Wing Young Huie reacts to what he sees. As artist, photographer, documentarian and community member, he is a vital part of the modern American story. The only one in his family to be born outside of China, the University of Minnesota school of journalism grad grew up in Duluth, Minn., where he was frequently an outsider. Today, he uses his self-taught photography skills to unveil the lives of other outsiders, capturing the diversity of urban life in the Twin Cities, the silenced trials of immigrant workers in California and the complexities of being Asian across America.

Huie has served as a visiting artist at Lawrence for the past week and was able to present his work on Monday, April 23, to an audience in the Wriston Auditorium. Insightful, yet informal, Huie created an atmosphere of discussion that invited audience members to ask questions and engage in dialogue with himself and his photographs.

Focused less on the artfulness of his pieces and more on the critical questions they pose, Huie spoke on his work from a documentary perspective. Moreover, while many of Huie’s photographs are marked by striking juxtapositions — an image of an elderly white man in a wheel chair next to a black baby in a stroller comes to mind — none of his images are pre-visualized. Huie instead uses of the camera as an “accidental medium,” continuously snapping photos of his surroundings rather than constructing portraits.

Similarly, Huie goes against the norm of photography being a window to the real world, considering his work to be mirrors which transform depending on the viewer. Comparing photography to writing, Huie is not clearly spelling out a story, but rather “putting together a suggestion of a sentence.”

Furthermore, much of Huie’s fame has stemmed from the role of the viewer in his work.
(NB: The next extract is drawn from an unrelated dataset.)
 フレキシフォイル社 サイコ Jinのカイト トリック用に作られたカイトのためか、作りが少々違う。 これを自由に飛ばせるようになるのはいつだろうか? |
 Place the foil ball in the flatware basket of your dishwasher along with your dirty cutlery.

As an photographer who specializes in unearthing images that are rarely seen in the public or art spheres, Huie has been able to not only document minority groups, but additionally engage them in the viewing process.
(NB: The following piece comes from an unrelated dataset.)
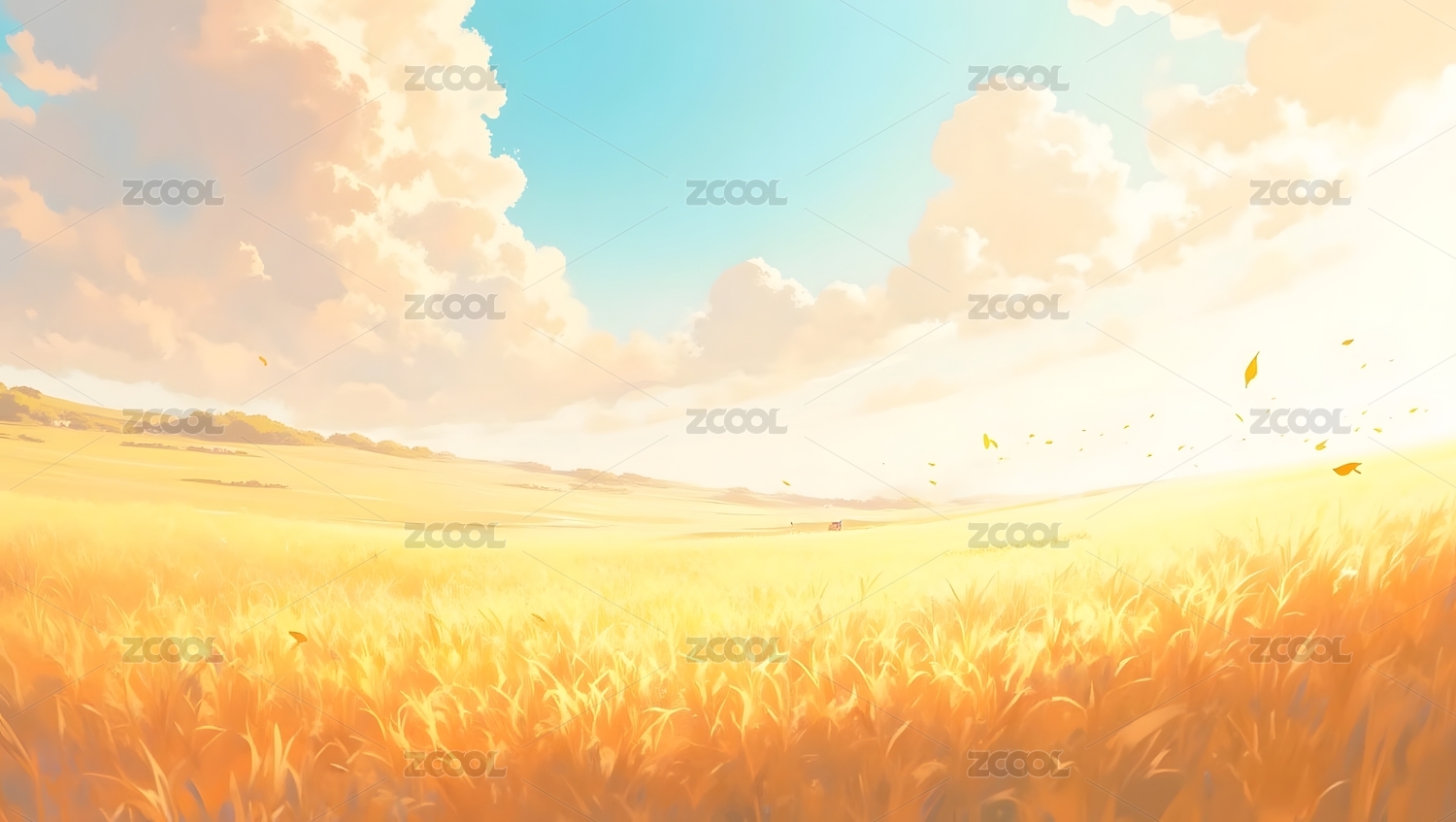 金黄麦田与飘落的叶子

Exemplary of this idea was Huie’s series, “Frogtown: Photographs and Conversations in An Urban Neighborhood,” for which he created an outdoor installation in the same St. Paul neighborhood which he had been photographing for two years. Consequently, a diverse population, often removed from popular media, was able to celebrate their community by observing scenes from their own lives.

Huie’s ongoing “We are the Other” series has additionally given a voice to the silenced, as he poses questions to everyday people and allows them to respond on small chalkboards. Huie photographs the person and their reply, letting the subject of his piece contribute to a greater conversation in their community.

Engaging on multiple levels, Huie’s work brings seemingly opposite people together, creating an expansive dialogue that reaches from art gallery to sketchy food store, the corner coffee shop to upscale shopping district. Yet, in the end, one chalked response at a bus stop on 38th and Chicago in South Minneapolis explains Huie’s work better than anything else: Equality for the Undocumented.